A DELAYED computer system is set to cost £12m more than budgeted and will be a year late.
Hampshire police and Thames Valley police forces' contact management system has been hit by a series of delays.
Yesterday it emerged it was set to be put back for a third time.
Another £7m has been assigned to the project, bringing it £12m overbudget in all.
Initially it was set to cost £27m, before that previously increased to £32m.
In a joint statement, chief constable Francis Habgood from Thames Valley and chief constable Olivia Pinkney from Hampshire, said: ‘This decision has come as a result of significant discussion and expert assessment.
‘We are all keen to reap the benefits of CMP but we cannot compromise the safety of the public, officers and staff by rushing this.
‘We remain confident in the reliability of our current systems and processes and the specialist capabilities of our staff and officers to meet the needs of the public we serve.’
The long-planned new system will replace 20 computer systems, police said.

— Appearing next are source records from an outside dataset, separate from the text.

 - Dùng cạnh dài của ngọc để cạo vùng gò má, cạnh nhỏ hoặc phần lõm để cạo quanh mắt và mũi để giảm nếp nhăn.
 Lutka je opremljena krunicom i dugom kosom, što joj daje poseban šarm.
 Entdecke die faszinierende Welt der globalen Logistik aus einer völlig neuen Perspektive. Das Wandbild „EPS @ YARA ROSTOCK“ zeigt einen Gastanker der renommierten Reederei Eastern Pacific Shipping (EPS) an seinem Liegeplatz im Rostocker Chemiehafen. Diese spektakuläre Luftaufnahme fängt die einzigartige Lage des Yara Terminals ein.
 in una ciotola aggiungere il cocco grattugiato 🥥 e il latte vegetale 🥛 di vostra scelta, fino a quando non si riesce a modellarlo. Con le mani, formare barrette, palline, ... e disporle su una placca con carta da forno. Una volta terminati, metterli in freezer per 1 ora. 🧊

A previous report by Hampshire police and crime commissioner Michael Lane said the team had to ‘overcome significant technical challenges’ that have been ‘frustrating and time-consuming’.
The system has previously been described as ‘cutting edge’ despite the delays.

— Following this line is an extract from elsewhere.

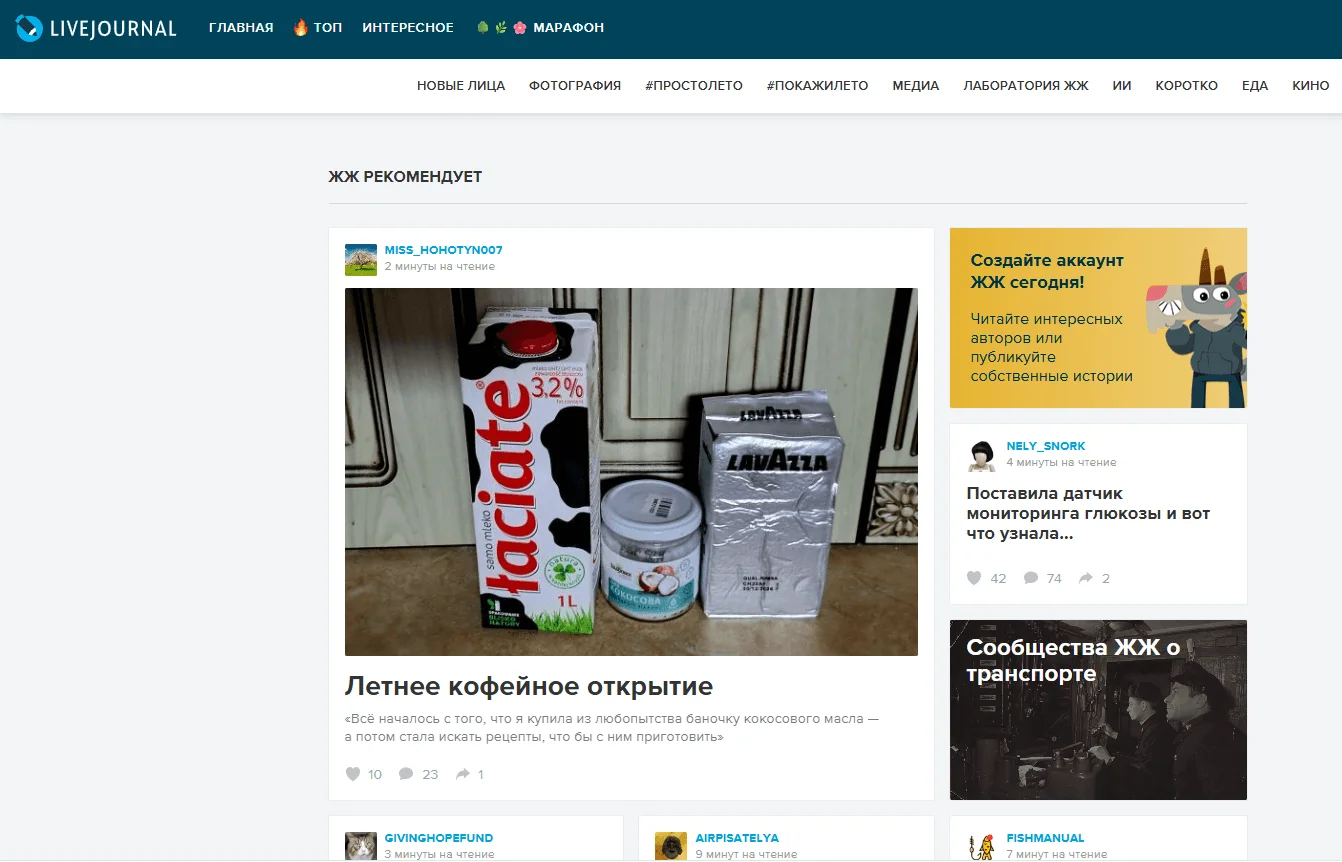 Это не совсем рекомендательная система, но частично она здесь тоже есть. Проблема лишь в том, что количество пользователей «ЖЖ» не прибавляется и по данным SimilarWeb уникальных пользователей в месяц около 15 млн (для сравнения в ВКонтакте ― 96 млн). Поэтому нет смысла ждать огромной активности под постами. Хотя тут есть и свои местные звёзды (первой на ум почему-то всегда приходит скандально известная Лена Миро).

Microsoft has been working with the two police forces on the project.
Earlier this year Mr Lane said the IT system was being tested ahead of its launch.
Top officers hope it will improve how people can report crime but that it will also link up with how control room staff allocate resources.
The chief constables’ join statement added: ‘Every day in policing we make risk based decisions for the protection of the public and our people and our approach to our technology programmes is no different.
‘We have been clear from the start that we will not introduce the system until it has been rigorously tested and is fully operational.’
The Thames Valley police and crime commissoiner has allocated £4m to the project.
Anthony Stansfeld said: ‘I am supportive of the rigorous approach.’